With the rise of large online computer science courses, there
is an abundance of high-quality content. At the same time, the sheer
size of these courses makes high-quality feedback to student work more
and more difficult. Talk to any educator, and they will tell you how
instrumental instructor feedback is to a student’s learning process.
Unfortunately, giving personalized feedback isn’t cheap: for a large
online coding course, this could take months of labor. Today, large
online courses either don’t offer feedback at all or take shortcuts that
sacrifice the quality of the feedback given.

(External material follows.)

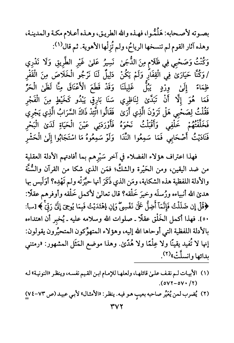 فهذا اعتراف هؤلاء الفضلاء في آخر سَيْرِهم بما أفادتهم الأدلة العقلية من ضد اليقين، ومن الحَيْرة والشكِّ؛ فمَن الذي شكا من القرآن والسُّنَّة والأدلة اللفظية هذه الشكاية، ومَن الذي ذَكَرَ أنها حيَّرَتْه ولم تَهْدِه؟ أوَلَيس بها هدى الله أنبياءه ورُسلَه وخيرَ خَلْقه؟ قال تعالى لأكمل خَلْقه وأوفرهم عقلًا: {قُلْ إِن ضَلَلْتُ فَإِنَّمَا أَضِلُّ عَلَى نَفْسِي وَإِنِ اِهْتَدَيْتُ فَبِمَا يُوحِي إِلَيَّ رَبِّيَ} [سبأ: ٥٠]. فهذا أكمل الخَلْق عقلًا ـ صلوات الله وسلامه عليه ـ يُخبِر أن اهتداءه بالأدلة اللفظية التي أوحاها الله إليه، وهؤلاء المتهوِّكون المتحيِّرون يقولون: إنها لا تُفيد يقينًا ولا عِلْمًا ولا هُدًى. وهذا موضع المَثَل المشهور: «رمتني بدائها وانسلَّتْ» (¬٢).

Several computational approaches have been proposed to automatically
produce personalized feedback, but each falls short: they either require
too much upfront work by instructors or are limited to very simple
assignments. A scalable algorithm for feedback to student code that
works for university-level content remains to be seen. Until now, that
is. In a recent paper, we proposed a new AI system based on
meta-learning that trains a neural network to ingest student code and
output feedback. Given a new assignment, this AI system can quickly
adapt with little instructor work. On a dataset of student solutions to
Stanford’s CS106A exams, we found the AI system to match human
instructors in feedback quality.  

To test the approach in a real-world setting, we deployed the AI system
at Code in Place 2021, a large online computer science course spun out
of Stanford with over 12,000 students, to provide feedback to an
end-of-course diagnostic assessment. The students’ reception to the
feedback was overwhelmingly positive: across 16,000 pieces of feedback
given, students agreed with the AI feedback 97.9% of the time, compared
to 96.7% agreement to feedback provided by human instructors. This is,
to the best of our knowledge, the first successful deployment of machine
learning based feedback to open-ended student work.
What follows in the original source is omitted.